Goal of the exercise: Because the images are not wanted, restate every line below word for word without them.

Stored items:
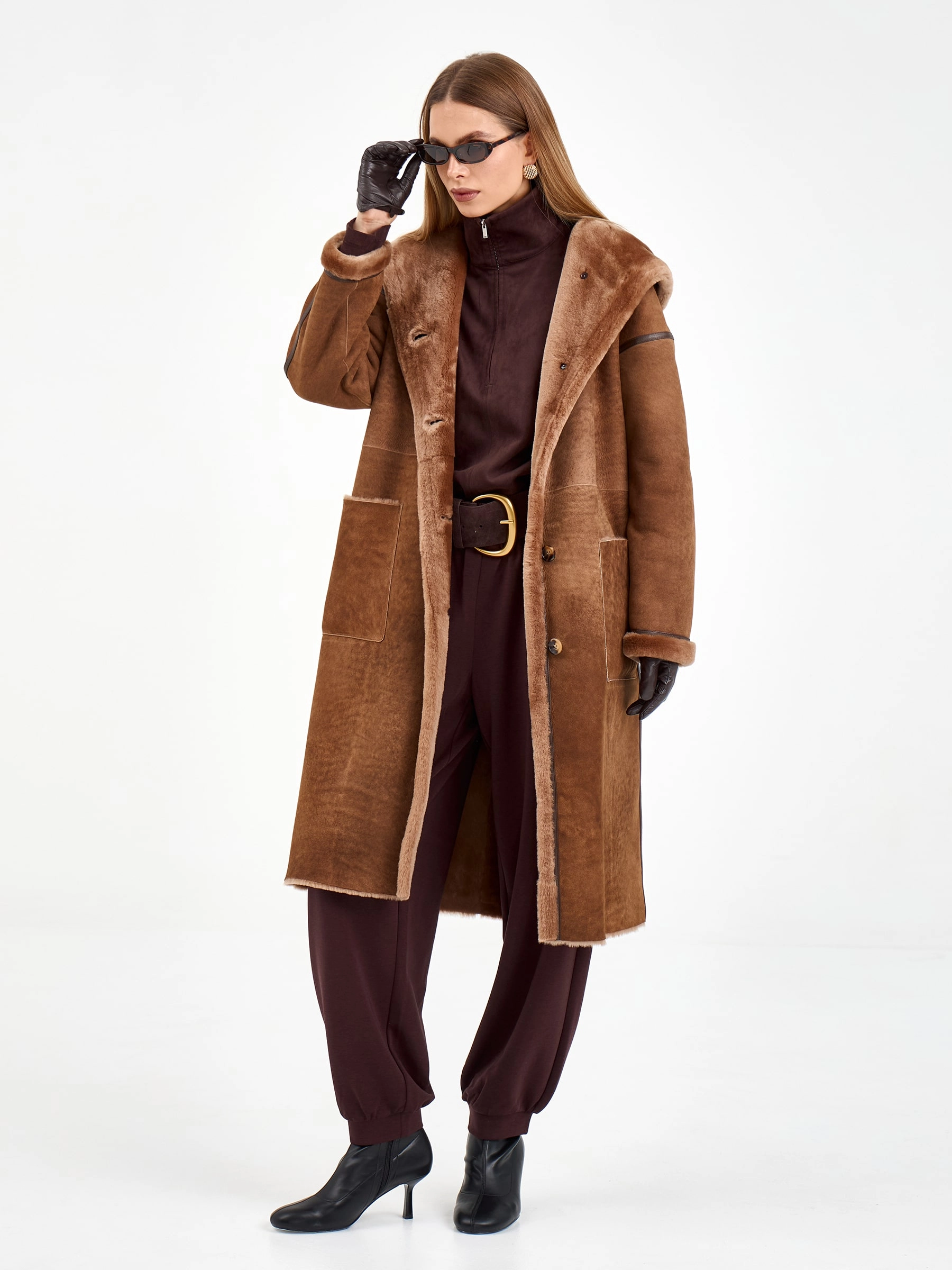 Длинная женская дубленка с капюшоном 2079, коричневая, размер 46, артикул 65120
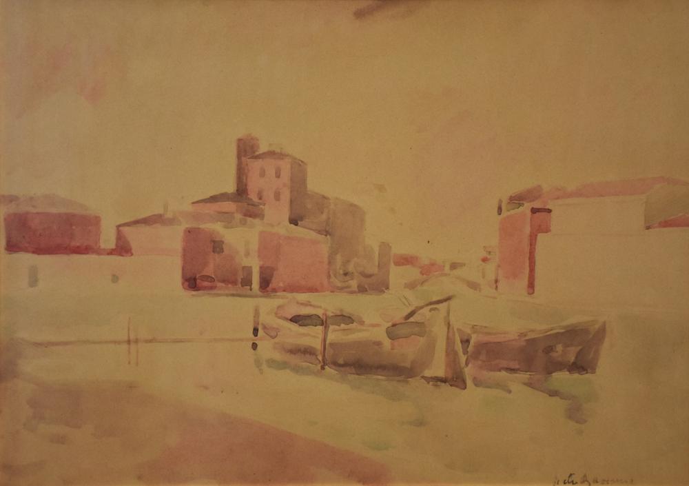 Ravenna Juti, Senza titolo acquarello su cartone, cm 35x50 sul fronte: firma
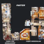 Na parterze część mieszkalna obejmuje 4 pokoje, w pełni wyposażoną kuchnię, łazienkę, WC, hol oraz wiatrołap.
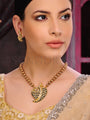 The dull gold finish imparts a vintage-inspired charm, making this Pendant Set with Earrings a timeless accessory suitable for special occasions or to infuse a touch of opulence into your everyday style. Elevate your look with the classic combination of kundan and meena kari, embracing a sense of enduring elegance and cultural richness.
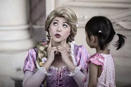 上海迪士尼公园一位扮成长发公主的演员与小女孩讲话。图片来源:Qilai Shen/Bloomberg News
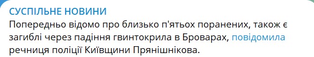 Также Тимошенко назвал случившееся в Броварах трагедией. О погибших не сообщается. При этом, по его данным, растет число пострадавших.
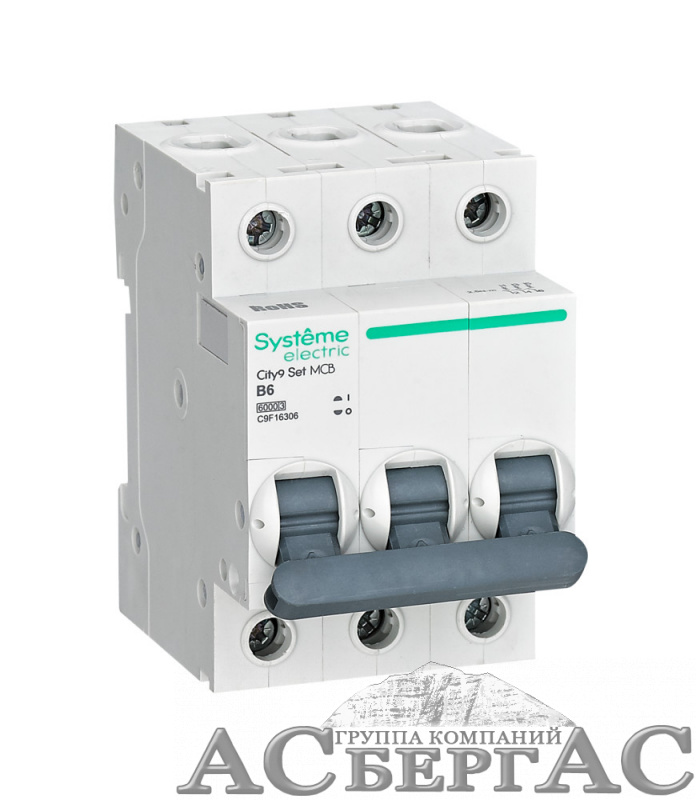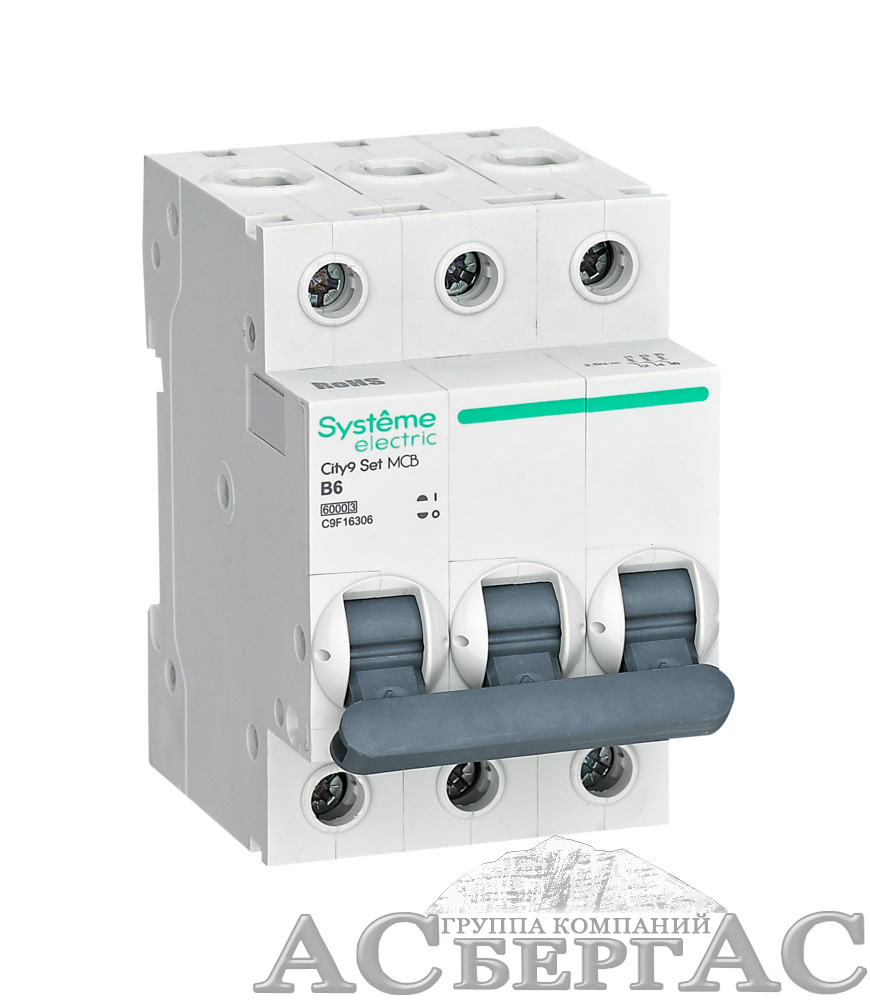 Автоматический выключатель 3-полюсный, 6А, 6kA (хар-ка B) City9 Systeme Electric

Response to this exercise:
 Длинная женская дубленка с капюшоном 2079, коричневая, размер 46, артикул 65120
 Ravenna Juti, Senza titolo acquarello su cartone, cm 35x50 sul fronte: firma
 Na parterze część mieszkalna obejmuje 4 pokoje, w pełni wyposażoną kuchnię, łazienkę, WC, hol oraz wiatrołap.
 The dull gold finish imparts a vintage-inspired charm, making this Pendant Set with Earrings a timeless accessory suitable for special occasions or to infuse a touch of opulence into your everyday style. Elevate your look with the classic combination of kundan and meena kari, embracing a sense of enduring elegance and cultural richness.
 上海迪士尼公园一位扮成长发公主的演员与小女孩讲话。图片来源:Qilai Shen/Bloomberg News
 Также Тимошенко назвал случившееся в Броварах трагедией. О погибших не сообщается. При этом, по его данным, растет число пострадавших.
 Автоматический выключатель 3-полюсный, 6А, 6kA (хар-ка B) City9 Systeme Electric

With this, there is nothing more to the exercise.